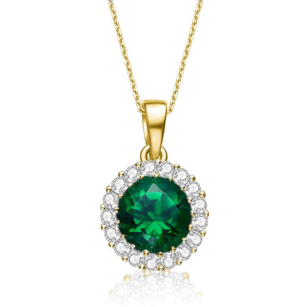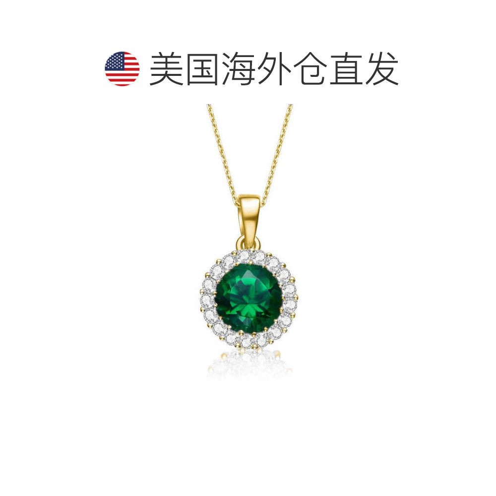 自营 geneviveC.z.纯银圆形吊坠 - 绿色 美国奥莱直发银饰
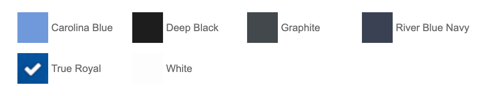 Carolina Blue, Deep Black, Graphite, River Blue Navy, True Royal, White
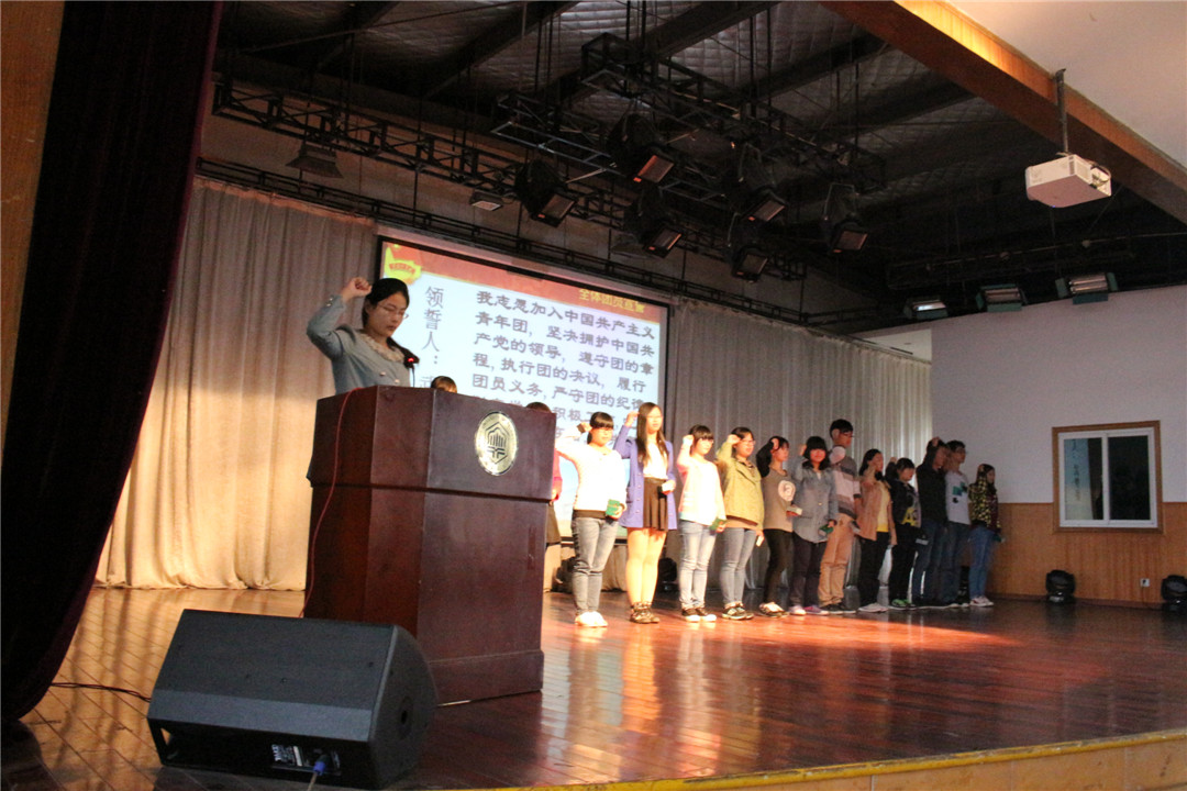 一段精彩的开场短片映入眼帘,轻快的音乐和唯美的画面使得同学们深深体会到这场仪式就像是属于青春的成长礼。在主持人的带领下,全体师生进行了升国旗、奏唱国歌、迎团旗、合唱团歌等多项活动,通过视频深入了解了共青团的发展历史。诗朗诵《放飞青春》声情并茂,歌曲《精忠报国》慷慨激昂,展现出青少年的蓬勃生机,老生代表包军宇作了以《青春榜样》为主题的发言,向新生们阐释了人生目标的重要性。紧接下来颁发“三证”,各班团支书有序走向舞台,活动嘉宾为各团支部颁发三证,团委副书记武梦娇带领大家激情宣誓。最后,郭宏副院长致词,对本次活动进行总结,希望同学们要正确认知大学生活,努力学习,不断奋斗,做一名合格的共青团员。
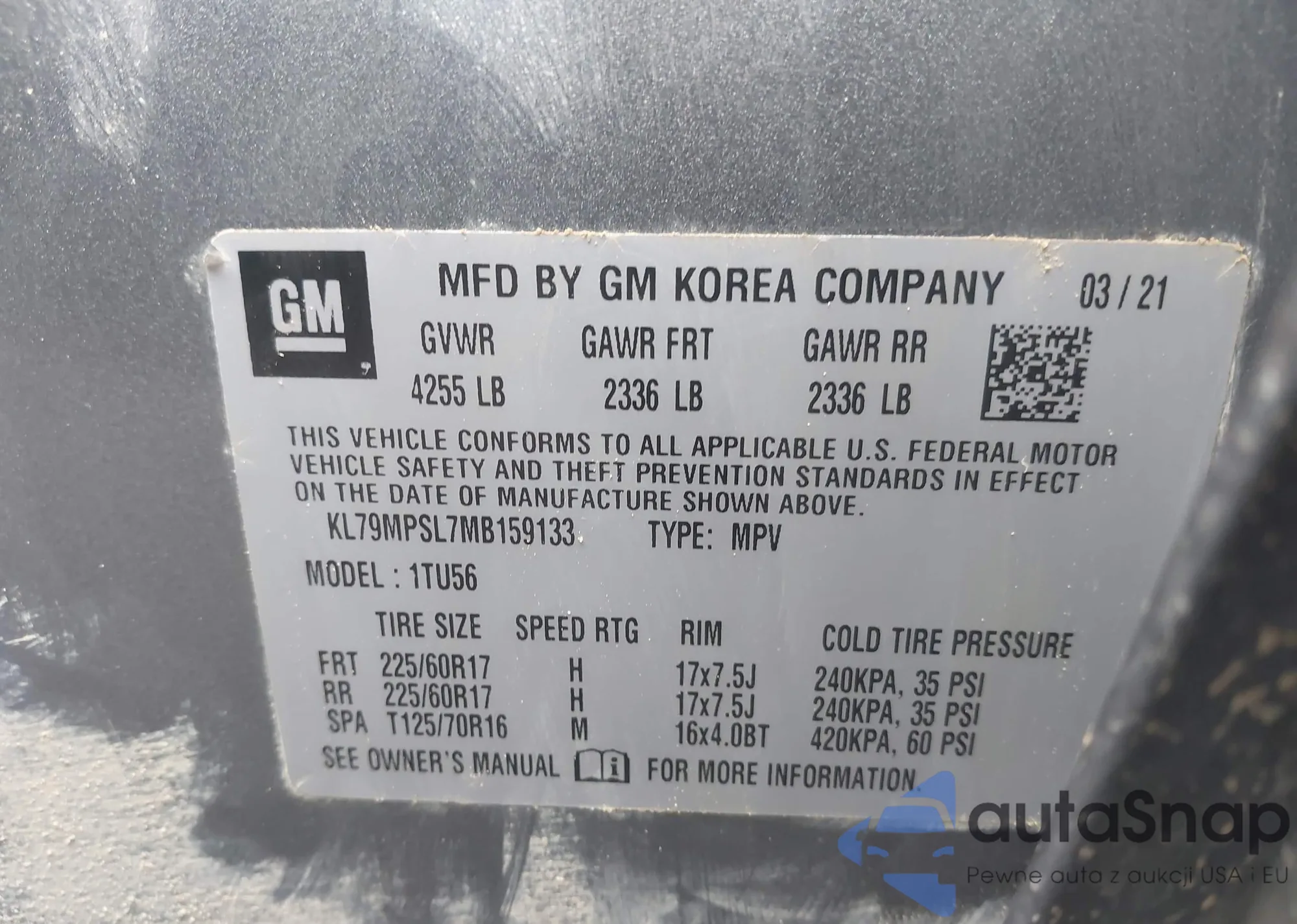 • VIN KL79MRSL7MB123731
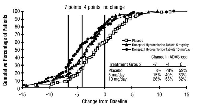 This is a chart that shows the cumulative percentage of patients who experienced a change in their ADAS-cog scores (a measure of cognitive function) after taking different doses of donepezil hydrochloride tablets (5 mg/day and 10 mg/day) or a placebo. The chart also shows the percentage of patients who experienced no change in their scores. The x-axis shows the change in ADAS-cog scores from baseline and the y-axis shows the cumulative percentage of patients.*
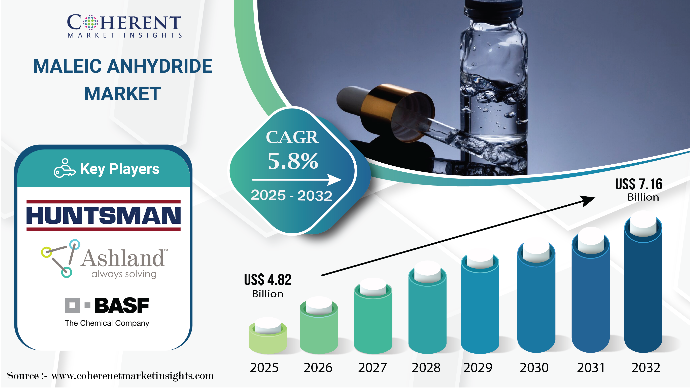 According to Coherent Market Insights (CMI), the maleic anhydride market size is forecast to total USD 4.82 Bn in 2025 and USD 7.16 Bn by 2032.
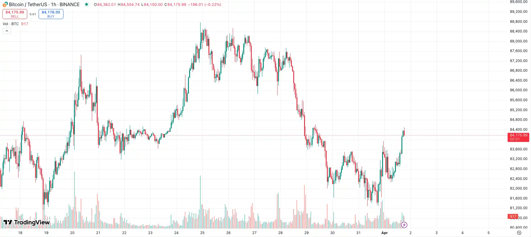 传导至币圈,比特币从 3 月 29 日下午 84, 000 美元下跌 8 小时至 81, 644 美元,跌幅超 3% ,随后在 3 月 30 日 18 时反弹至 83, 536 美元,但未能守住涨势,至 3 月 31 日 6 时跌至 81, 565 美元。加密货币总市值从峰值 3.9 万亿美元回落至 2.9 万亿美元,跌幅 25% ,交易量从 11 月 5 日大选后的 1, 260 亿美元降至 350 亿美元,萎缩约 70% 。

******

= Task instructions =
Write out the data above exactly, minus any images.

= Written solution =
 自营 geneviveC.z.纯银圆形吊坠 - 绿色 美国奥莱直发银饰
 Carolina Blue, Deep Black, Graphite, River Blue Navy, True Royal, White
 一段精彩的开场短片映入眼帘,轻快的音乐和唯美的画面使得同学们深深体会到这场仪式就像是属于青春的成长礼。在主持人的带领下,全体师生进行了升国旗、奏唱国歌、迎团旗、合唱团歌等多项活动,通过视频深入了解了共青团的发展历史。诗朗诵《放飞青春》声情并茂,歌曲《精忠报国》慷慨激昂,展现出青少年的蓬勃生机,老生代表包军宇作了以《青春榜样》为主题的发言,向新生们阐释了人生目标的重要性。紧接下来颁发“三证”,各班团支书有序走向舞台,活动嘉宾为各团支部颁发三证,团委副书记武梦娇带领大家激情宣誓。最后,郭宏副院长致词,对本次活动进行总结,希望同学们要正确认知大学生活,努力学习,不断奋斗,做一名合格的共青团员。
 • VIN KL79MRSL7MB123731
 This is a chart that shows the cumulative percentage of patients who experienced a change in their ADAS-cog scores (a measure of cognitive function) after taking different doses of donepezil hydrochloride tablets (5 mg/day and 10 mg/day) or a placebo. The chart also shows the percentage of patients who experienced no change in their scores. The x-axis shows the change in ADAS-cog scores from baseline and the y-axis shows the cumulative percentage of patients.*
 According to Coherent Market Insights (CMI), the maleic anhydride market size is forecast to total USD 4.82 Bn in 2025 and USD 7.16 Bn by 2032.
 传导至币圈,比特币从 3 月 29 日下午 84, 000 美元下跌 8 小时至 81, 644 美元,跌幅超 3% ,随后在 3 月 30 日 18 时反弹至 83, 536 美元,但未能守住涨势,至 3 月 31 日 6 时跌至 81, 565 美元。加密货币总市值从峰值 3.9 万亿美元回落至 2.9 万亿美元,跌幅 25% ,交易量从 11 月 5 日大选后的 1, 260 亿美元降至 350 亿美元,萎缩约 70% 。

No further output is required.